Four tons. Eight thousand pounds. One hundred twenty-eight thousand ounces. That's about the weight of a blue whale calf, or a female African elephant, or a little over 2½ pallets of red brick.
That's a lot of trash.
The haul included those insidious bits of paper and candy wrappers that catch in the weeds, bottles and cans, tires and rims, and one canoe with registration dating back to the 1970s that's probably been in the creek for decades, said Telly Mamayek, a spokeswoman for the Minnehaha Creek Watershed District.

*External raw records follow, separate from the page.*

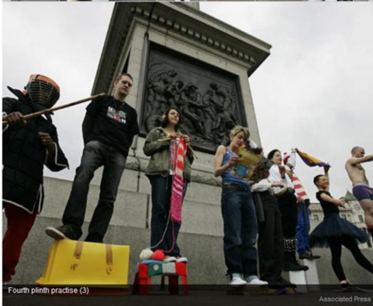
Fourth plinth practise (3)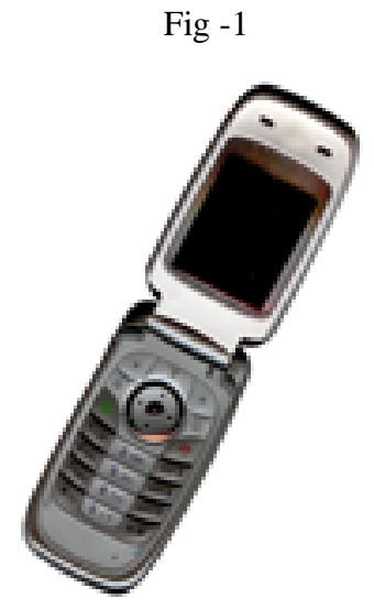
Fig. -1. Example of an unacceptable low-resolution image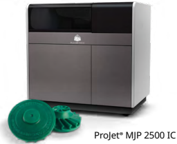
Projet® MJP 2500 IC

Building productivity and new manufacturing efficiencies with tool-less 3D printed casting pattern production from 3D Systems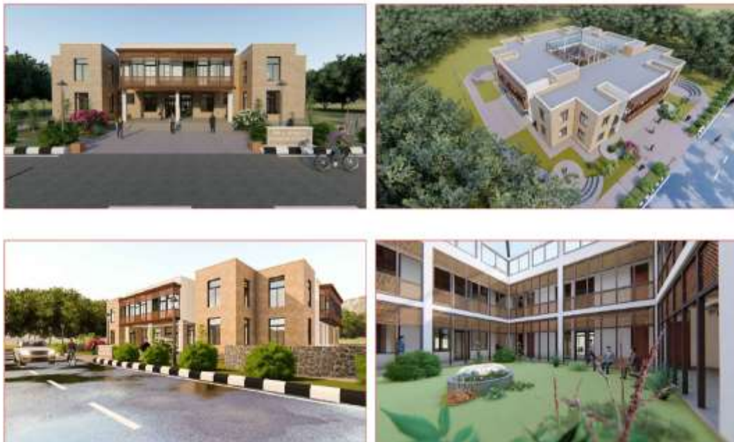
KIU Winter and Tourism Sports Academy

One of the 13 academies of Pakistan, where the youth from the county will be trained for winter sports such as Skiing, Ice Hockey, Snow rafting, Moutaineering, Wall climibing etc.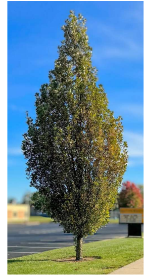
QUERCUS 'REGAL PRINCE' REGAL PRINCE OAK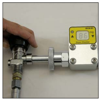
Open the filling hose valve only a little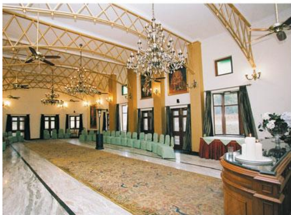
(Below) One of the recently renovated rooms at the Noor-Ussubah Palace in Bhopal.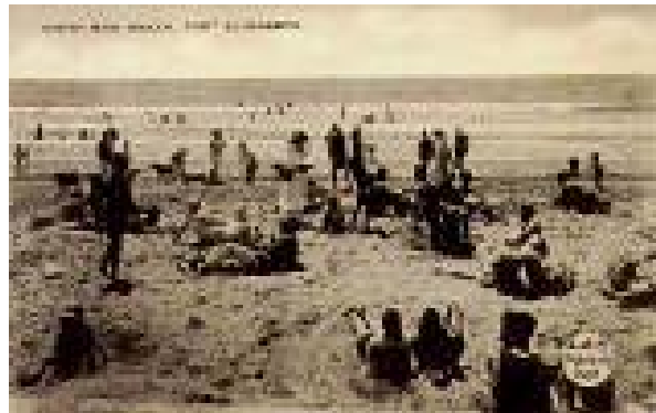
North End Beach, Port Elizabeth

For the ninth annual creek cleanup, a total of about 1,600 volunteers gathered at Lake Hiawatha Park in Minneapolis, the event headquarters, and at the Knollwood SuperTarget parking lot in St. Louis Park, starting at 8 a.m., then set out with bags for trash and bags for recycling. Volunteers also were sent to Cottageville Park in Hopkins and Creekside Park in St. Louis Park, Mamayek said.

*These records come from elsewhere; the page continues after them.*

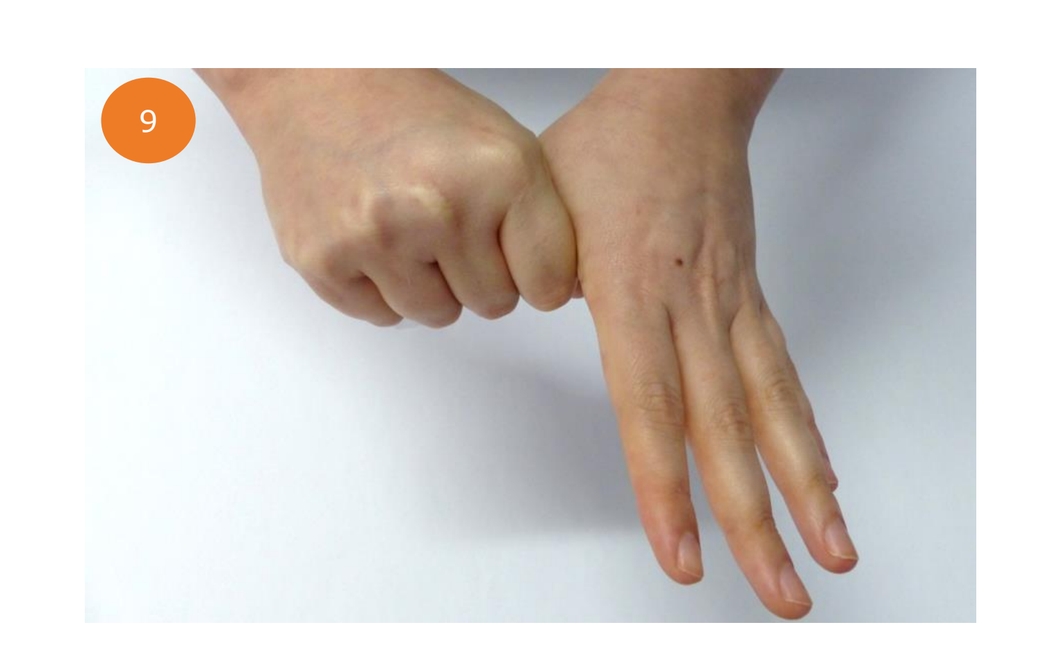
... rotational rubbing of left thumb clasped in right palm...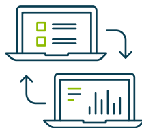
EASILY CUSTOMIZED FOR EACH CONVENTION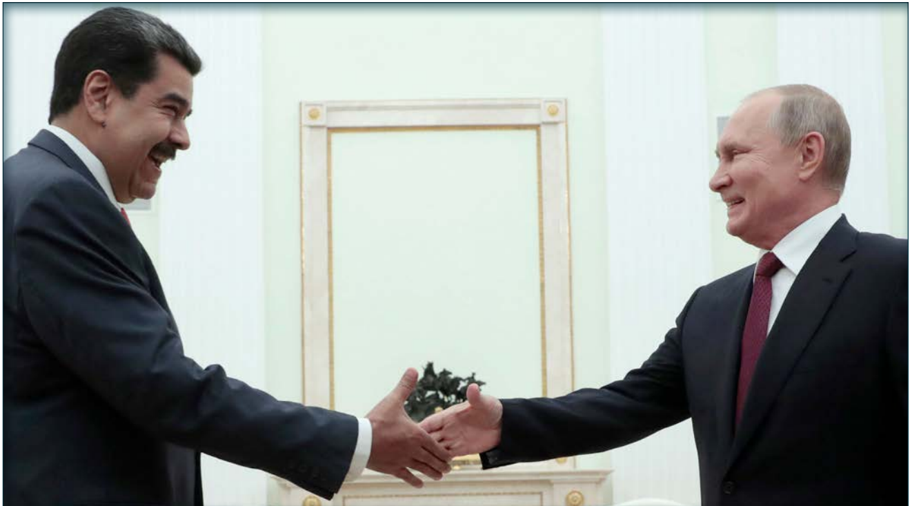
Photo caption: President Nicolas Maduro of Venezuela (seen here with Russian President Vladimir Putin) has aligned himself with Russia, North Korea, and Cuba to withstand economic sanctions leveled on his country. According to the U.S. Southern Command, there are hundreds of Russian mercenaries in Venezuela.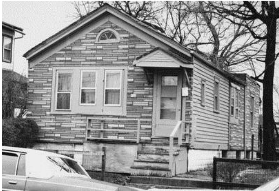
110 W. Brown in 1982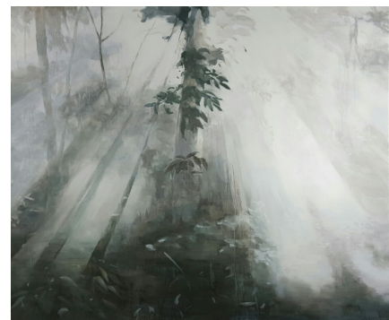
Epu'lu. March 21.2010 | 2016 | Öl auf Leinwand | 160 x 190 cm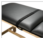
077– Positioning Strap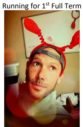
Lobster West | Owner Restaurant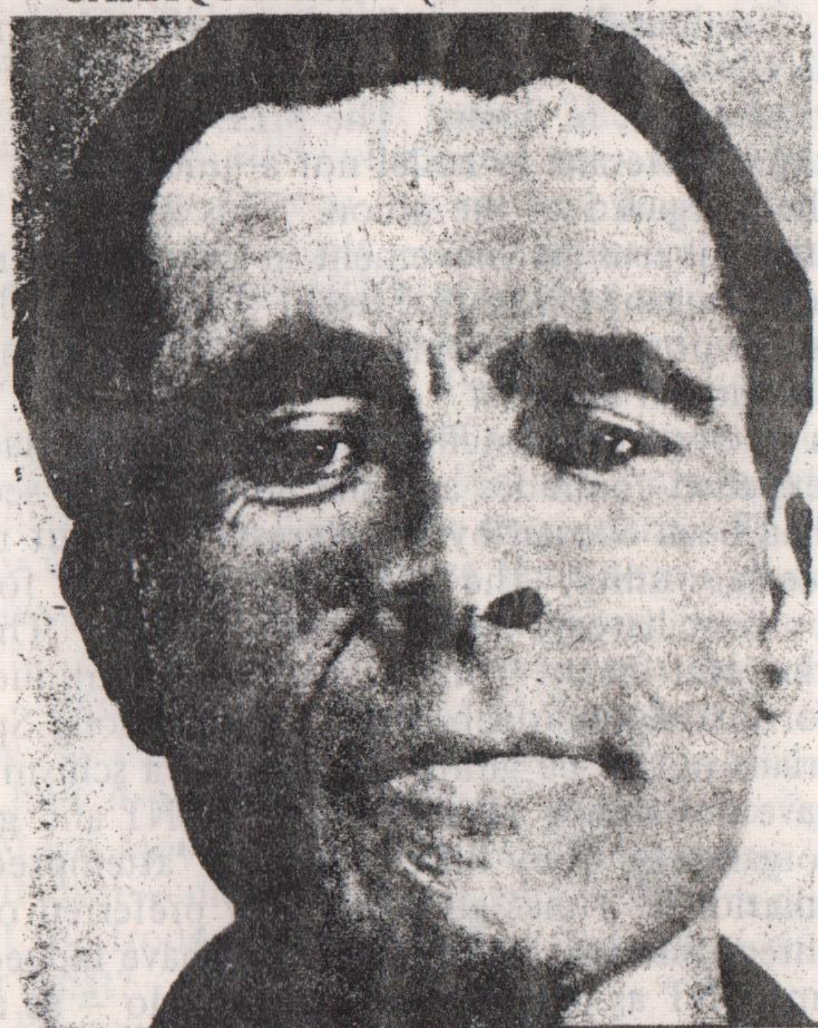
CARAQUEMADA (Burnt Face)

The English obituarists of Franco dwelt on the fact of how he has "tricked" Hitler into not supporting him, how Hitler said he would rather go to the dentist than have another such interview. But why didn't Hitler simply use force as with other European countries reluctant to help him to the utmost!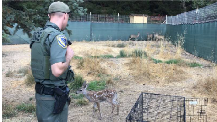
Current pen located in Willits

Mendocino Wildlife Association will fund all portions of the work above the grant amount and purchase the privacy screen. There are no administrative costs associated with this project.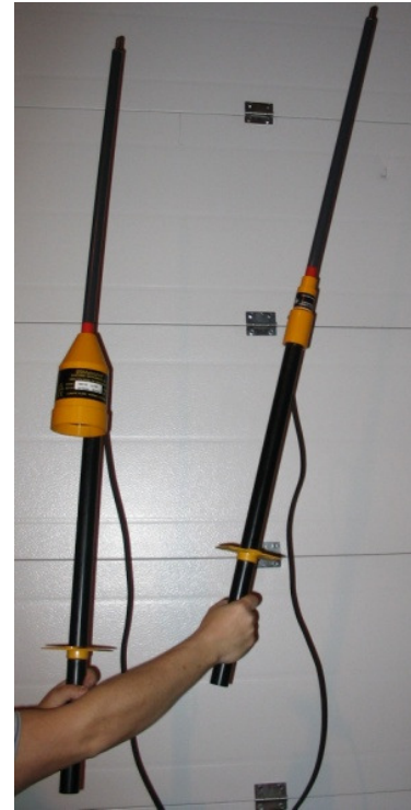
Special LLI with handles for Rail Networks Operation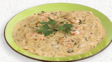
Creamy Shrimp Pasta

Freshly shrimp with creamy cajun sauce and linguine pasta.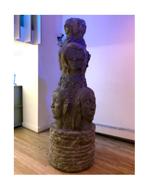
Chitra Ganesh Totem, 2018 Aqua resin, foam, plaster, fiberglass, steel, and cement 86 x 33 inches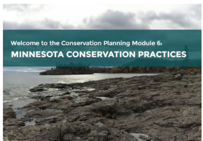
Cover slides depict Core Competency Conservation Training modules. Nineteen modules are offered by the new training series.

The Creekside Park location was added in 2014, she said. That had been the most degraded stretch of the creek and the Watershed District has worked to restore it. Now, that stretch is called the Minnehaha Creek Preserve and expanded from 3,000 to 4,600 feet of shoreline by adding back curves that had been straightened out for development. Paved trails attract visitors to its "wilderness" feeling, Mamayek said.

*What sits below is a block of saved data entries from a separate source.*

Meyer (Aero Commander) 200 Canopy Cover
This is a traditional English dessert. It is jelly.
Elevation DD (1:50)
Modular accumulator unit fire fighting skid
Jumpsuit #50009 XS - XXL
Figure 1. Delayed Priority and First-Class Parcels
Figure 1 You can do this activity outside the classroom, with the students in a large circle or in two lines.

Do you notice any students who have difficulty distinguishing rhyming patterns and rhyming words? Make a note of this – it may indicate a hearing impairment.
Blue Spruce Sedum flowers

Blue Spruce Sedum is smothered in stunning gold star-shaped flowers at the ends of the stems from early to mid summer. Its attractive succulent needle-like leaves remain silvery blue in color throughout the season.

Volunteers included moms and dads with their kids, grandparents and teenagers. Some were on foot, and some used donated-for-the-event paddleboards and canoes to clean trash from Lake Hiawatha.
"It is so fun to see all the families come out," Mamayek said. "They bring their children. They want to instill in their children a sense of stewardship. We incentivize the collection of those little bits of paper. … We give special prizes for the most candy wrappers collected. The kids really like that. It's a good time."
A radiator like one you'd find in an old house probably ended up in the creek because someone dumped it there, Mamayek said. The same for the tires and rims. The canoe, which had a crack in it, was probably abandoned or not pulled out of the water earlier because it was just too hard to get out.
Everything that can be recycled will be recycled, thanks to the cleanup's new vendor, 1800GOTJUNK. The canoe, too, went to a volunteer who said he could patch it and use it again. Other sponsors included Target, the Freshwater Society and Metro Blooms.
After the cleanup, volunteers were treated to a barbecue lunch donated by Leinenkugel's, a longtime sponsor of the cleanup. There was a celebration and a grand prize, decided by a game of heads or tails. The prize? A canoe — a nice, shiny, brand-new one.
"We're so fortunate to have so many dedicated people," Mamayek said. "All of the hard work our volunteers put in today. They really got in there and rolled up their sleeves and got dirty. Really dirty."